Hyperpigmentation occurs when melanocytes (cells that are found naturally in the skin) overproduce pigments known as melanin, resulting in darker tones than the surrounding skin. This common condition has many potential causes and is almost always benign. Hyperpigmentation tends to occur more frequently and have a greater effect in people with darker skin tones.
It's Stimulated when Exposed to UV Radiation
Melanocytes are stimulated to produce melanin when exposed to UV radiation in sunlight. Many people take advantage of this process to tan – spending hours exposed to the sun to achieve temporary darker skin tones. While some find tan skin appealing, this practice leads to long term damage to the skin which, in addition to an increased frequency of skin cancers including the highly malignant melanoma, leads to the formation of undesirable patches of hyperpigmentation called solar lentigos (also known as liver spots). These flat tan spots are typically benign and require no treatment.

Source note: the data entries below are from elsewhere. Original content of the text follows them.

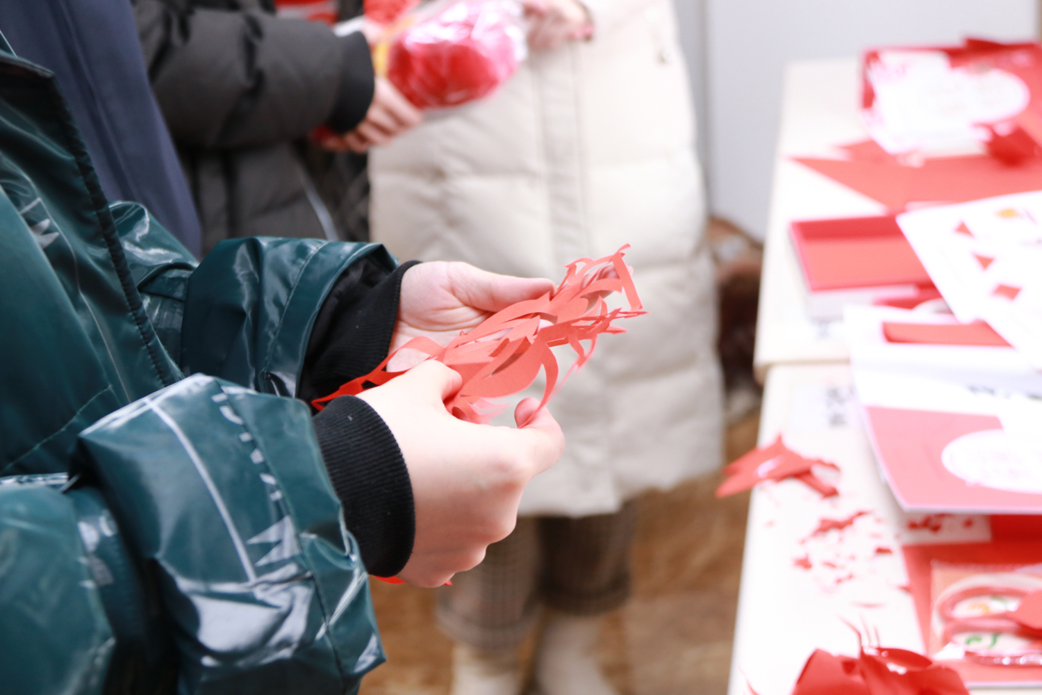 在師生寫福字環(huán)節(jié),馬飛為同學(xué)們指點(diǎn)寫書法的要點(diǎn),師生們?cè)谙矐c的灑金紙上寫下飽含深情的福字和心儀的對(duì)聯(lián),剪窗花的同學(xué)們也把自己的新年愿望剪在了紅紙上,李中奇副書記為參與的同學(xué)們送上精心準(zhǔn)備的獎(jiǎng)品。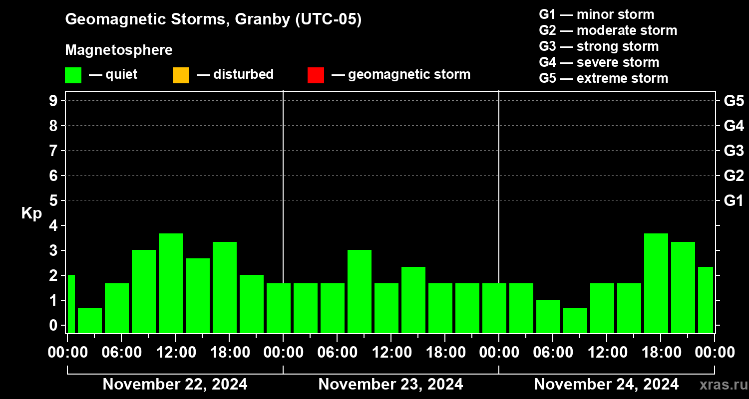 Changes in the geomagnetic index Kp from November 22 to 24, 2024 for mid latitudes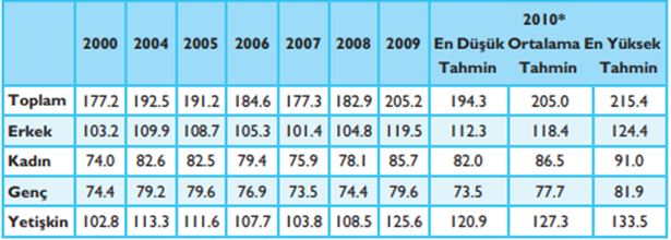 2010 yılında tahmini işsizliğin en yüksek olacağı grup gençlerdir. |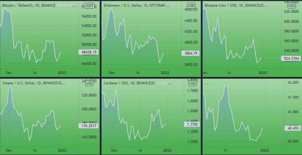 Динамика котировок BTC, ETH, ADA, BNB, XRP (дневной таймфрейм) и график доминации биткоина. Источник

Sun Exposure Contributes to Hyperpigmentation
Sun exposure contributes to the formation of melasma, a form of hyperpigmentation that results in large and irregularly-shaped patches of hyperpigmentation. Anyone can get melasma, but it is much more common in pregnant females with a history of sun exposure. Melasma is thought to be caused by a combination of hormonal changes normally experienced during pregnancy and UV radiation, and usually vanishes without intervention in the months following pregnancy.
Melasma is not the only form of hyperpigmentation caused by hormonal changes – hyperpigmentation is associated with numerous endocrine disorders including Addison’s disease (insufficiency of adrenal hormones), Cushing’s disease (excess cortisol and ACTH), acanthosis nigricans (associated with insulin resistance), and Grave’s disease (overproduction of thyroid hormones).
It's a Natural Response to Inflammation or Injury
Hyperpigmentation is a natural response to inflammation of or injury to the skin and is known as post inflammatory hyperpigmentation. For example, a person who has suffered from a rash caused by a fungal infection may develop hyperpigmentation in the affected areas after the rash has subsided. Anything that provokes an inflammatory response in the skin can lead to post inflammatory hyperpigmentation including harsh chemicals, exposure to energy sources such as infrared light, ultrasound, or radiation, and a long list of inflammatory diseases such as acne or allergic reactions. This form of hyperpigmentation usually slowly fades over the course of months or even years after the cause of the inflammation has resolved.
Be Sure to Use Sunscreen
The most important component of any treatment of hyperpigmentation is addressing the initial cause of the response, followed by sunscreen. This will help prevent any blemishes from getting worse and will allow the skin to begin de-pigmenting naturally. There are numerous topical treatments available both over the counter and by prescription which accelerate the lightening process, most of which involve a bleaching agent or retinoids. Furthermore, there exist many laser and light treatments that can reduce the appearance of these tan/brown spots. Consult with your dermatologist to devise a treatment plan that is right for you.